Friday, August 6, 2010

Monte Cassino

Tori, Ashley and I went out to dinner.  We went to a little restaurant near home.  The last time I had been here, I had gone with Jennifer when I desperately needed to talk to her.  I had the mac and cheese and it had been terrible.  I wasn't going to do that again.  I ordered saganaki and a veggie burger instead.
I love a good veggie burger.  I know a lot of people complain that they are not that good because they do not taste like meat, I do not notice much of a difference.  I'm actually pretty impressed with their ability to get a bunch of semi-mashed vegetables to taste like meat.
And then there's saganaki.  It's delicious.  It's a simple thing, but I have it infrequently enough that when I do have it, it makes me really happy.  Tori and Ashley had never had it before, so I let them try some.

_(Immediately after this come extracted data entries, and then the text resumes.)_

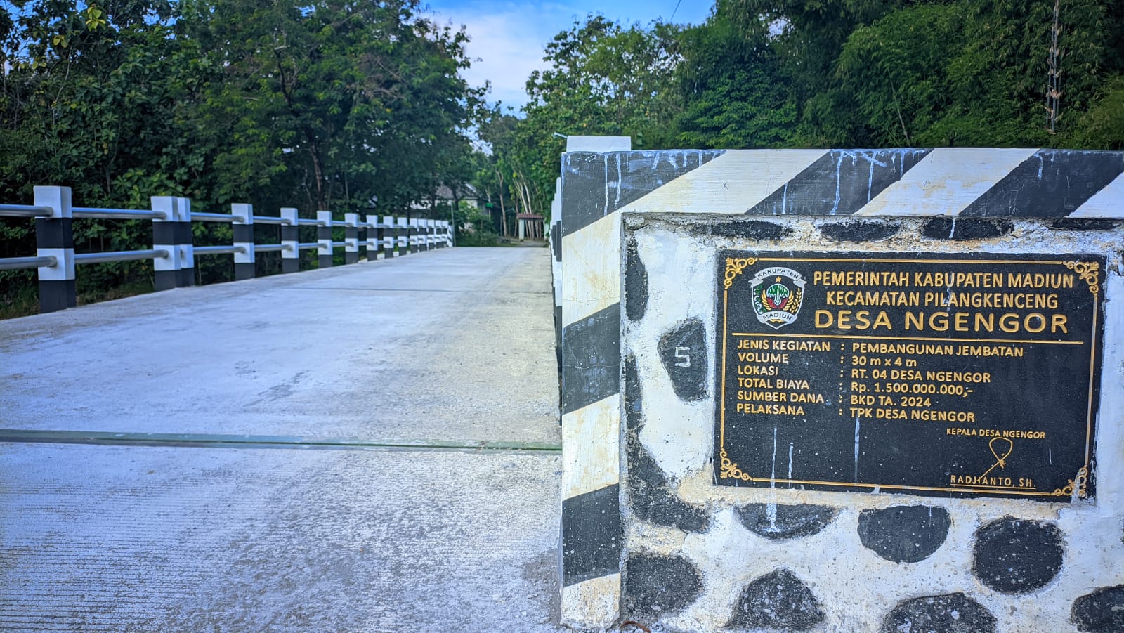 Komitmen Tim Pelaksana Kegiatan (TPK) dan Pemerintah Desa Ngengor Kecamatan Pilangkenceng Kabupaten Madiun patut diacungi jempol. Tahun ini, jembatan baru senilai 1,5 miliar sudah dapat dilalui.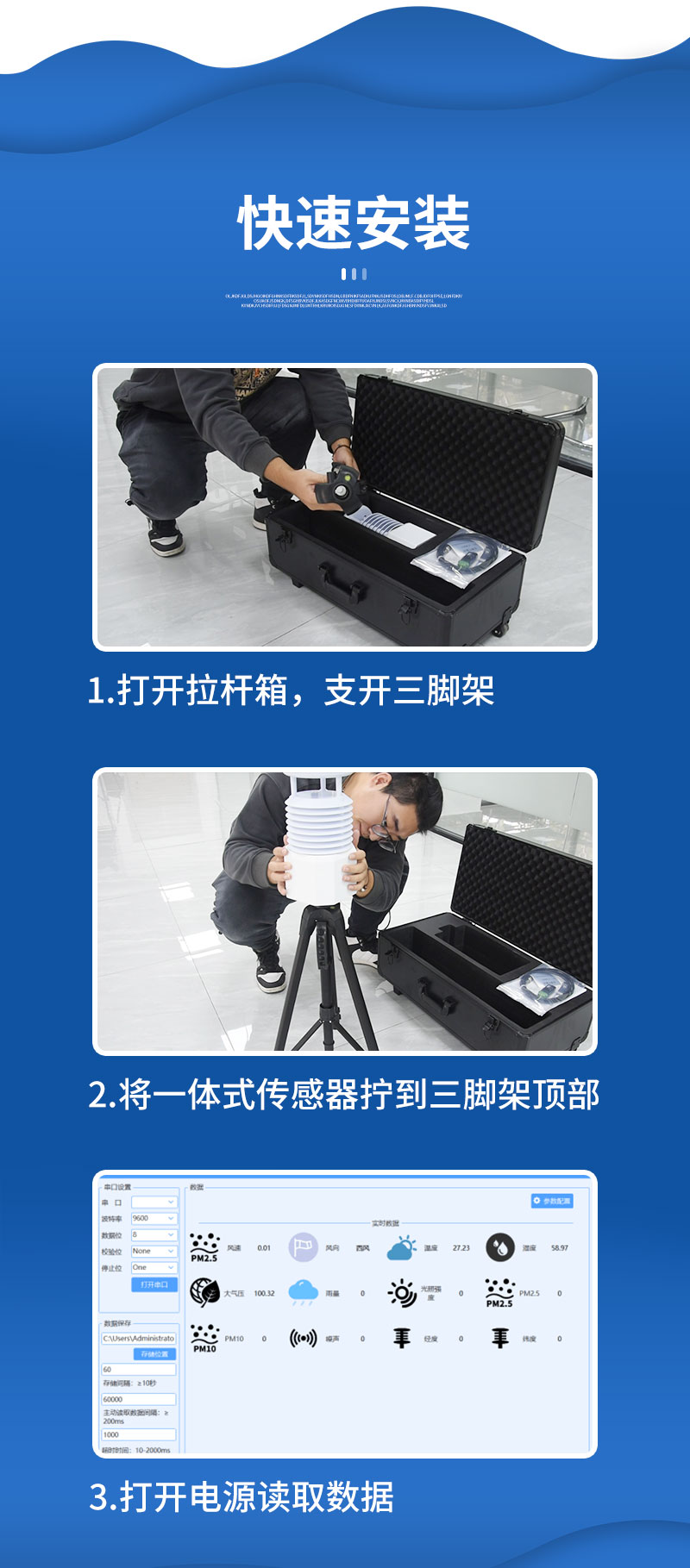 该设备支持有线、蓝牙、GPRS等传输方式,免调试,可快速布置,适用于各类应急气象短期观测、移动气象监测等气象数据的获取。广泛运用于气象、农林、环保、海洋、机场、港口、科学考察、校园教育等领域。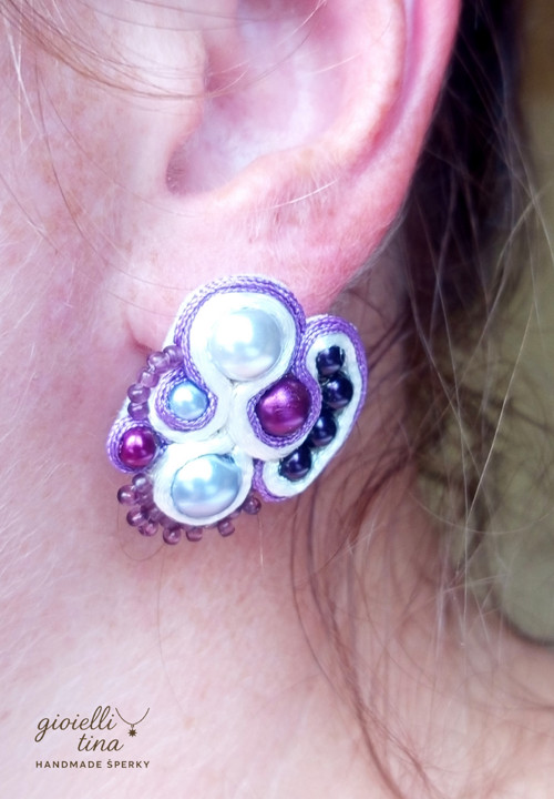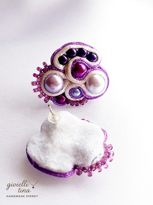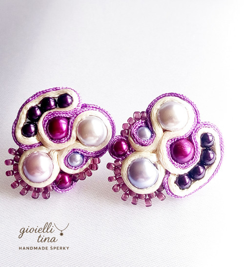 Tyto originální náušnice jsou inspirované krásou vinic a hroznů. Jsou vytvořené technikou soutache, kde jsou korálky a perly ve fialových a krémových odstínech pečlivě obšité saténovými šňůrkami.

Ashley talked to us about her father and traveling.  She was complaining that her Dad only likes to go to the beach when they go on vacation, and that she would like to go to museums and monuments and shop a little and do all the other things that normal people do I vacation.  I suggested Rome to her, because it's close enough to beaches that might satisfy her Dad and lots of museums and things she would like.

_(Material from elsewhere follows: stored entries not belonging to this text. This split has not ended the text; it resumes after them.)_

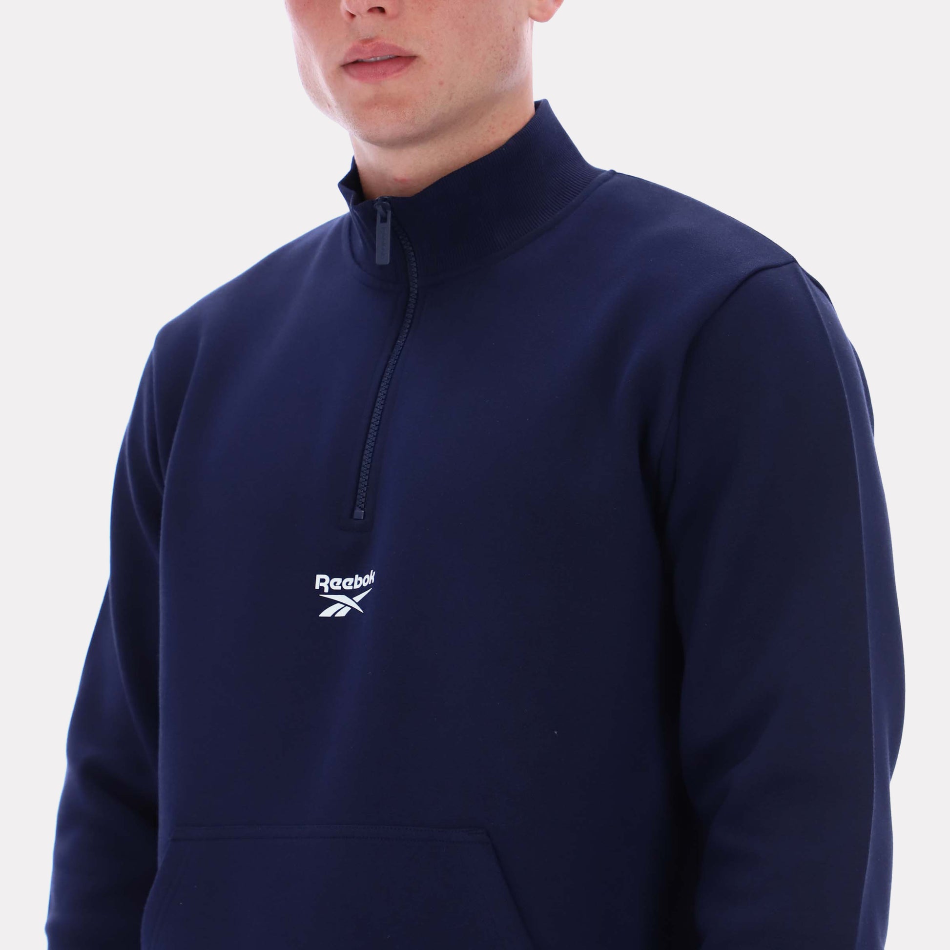 Classic comfort meets everyday versatility in the 1/4 Zip Sweatshirt. Crafted from soft cotton-poly brushback fleece, it features a relaxed fit with a mock neck, zip-up collar, and kangaroo pocket. Subtle Reebok branding at the chest keeps the look clean and timelessideal for layering or solo wear.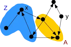 MSO a été défini sur des classes de graphes (par exemple, non orientés). Par exemple, on peut exprimer en MSO qu'un graphe n'est pas connexe[3] : qui se lit « il existe un ensemble de sommets Z tel qu'il existe un sommet x contenu dans Z et un sommet y en dehors de Z et tel que si deux sommets u et v sont reliés par une arête, alors u est dans Z si et seulement si v est dans Z » (voir figure à droite). La connexité n'est pas définissable en logique du premier ordre (c'est une conséquence du théorème de compacité de la logique du premier ordre[4]). Ainsi MSO est strictement plus expressive que la logique du premier ordre sur les graphes.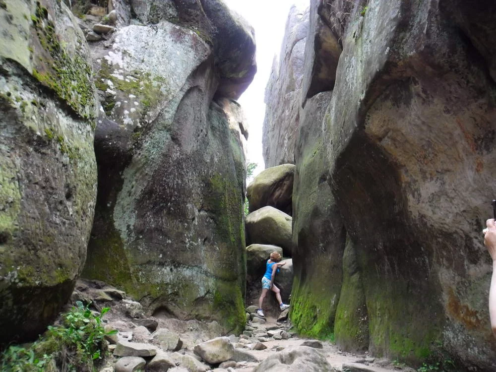 День поездки на скалы Довбуша. Ровно 100 км от Сходницы. Лучше ехать через Урич, т.к. по пути будут потрясающие виды горных рек и горы. Мы ездили с друзьями на машине, лучше нанять кого-либо из местных на личном транспорте и ехать с остановками. Конечно, подобрать компанию, чтобы было дешевле. Нам обошлось в 200 грн. на бензин и 20 грн. за въезд машины.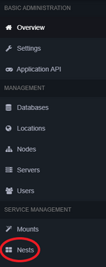 The Pterodactyl panel nests button in the administrative section. - You will be greeted with the following list (or similar looking list). Click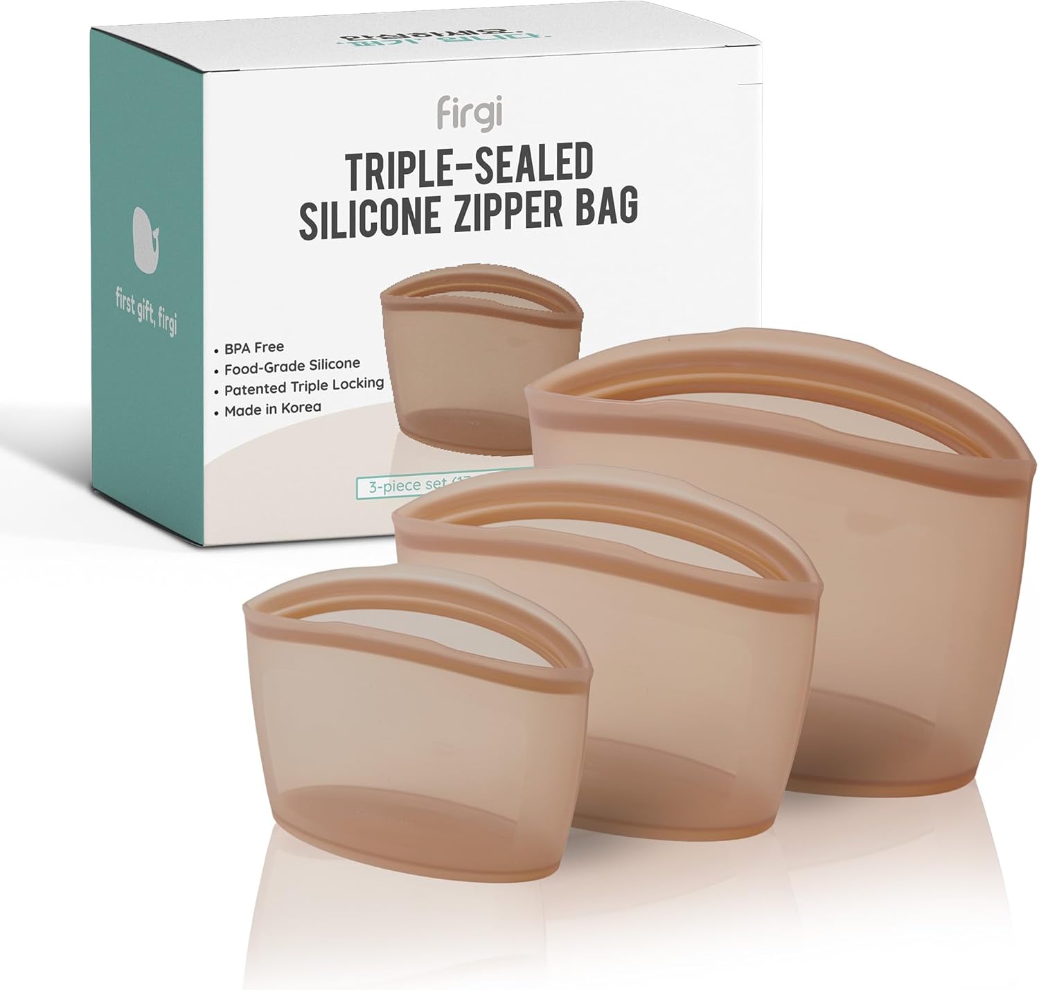 Reusable Silicone Food Storage Bags 3Set Airtight food Storage Containers Food Grade Silicone Snack Bags, BPA Free Food Storage Container, Microwave Safe, Sous Vide Container, Brown, 17oz+29oz+51oz

What I should have said, now that I'm thinking about it, is about the area between Rome and Naples.  That whole area is supposed to be covered with beautiful beaches and lots of history.  Ostia is an important ancient Roman city.
And between Rome and Naples is Monte Cassino.  It's one of those places I've always wanted to go to.  As someone who is interested in monasticism, Monte Cassino is important because it is the birthplace of Western monasticism, where St. Benedict of Nursia, the founder of the Benedictines and inspiration behind so many other orders, began his community.  In addition to that, it is also the former site of a pagan temple to Apollo and the site of the Battle of Monte Cassino.  A Polish cemetery is located there, where over a thousand Polish soldiers who died during that battle are buried.  Also buried there are St. Benedict (for obvious reasons) and St. Scholastica, his sister and a nun.  The monastery also once held the archives of the Keats-Shelley House in Rome.
I want to go, want to take a tour, want to take in mass, want to look through their archive, and want to put red poppies on the graves of those Polish soldiers.  (It's part of a song, "The Red Poppies of Monte Cassino.")  
Never mind, I don't think Ashley would like to do this as much as me.  Talking about traveling got me daydreaming again.  One of the many problems with traveling is that it seems to be a never-ending desire.  Going a little does not really satisfy it. 
After we finished eating, and paid our bills, we went home.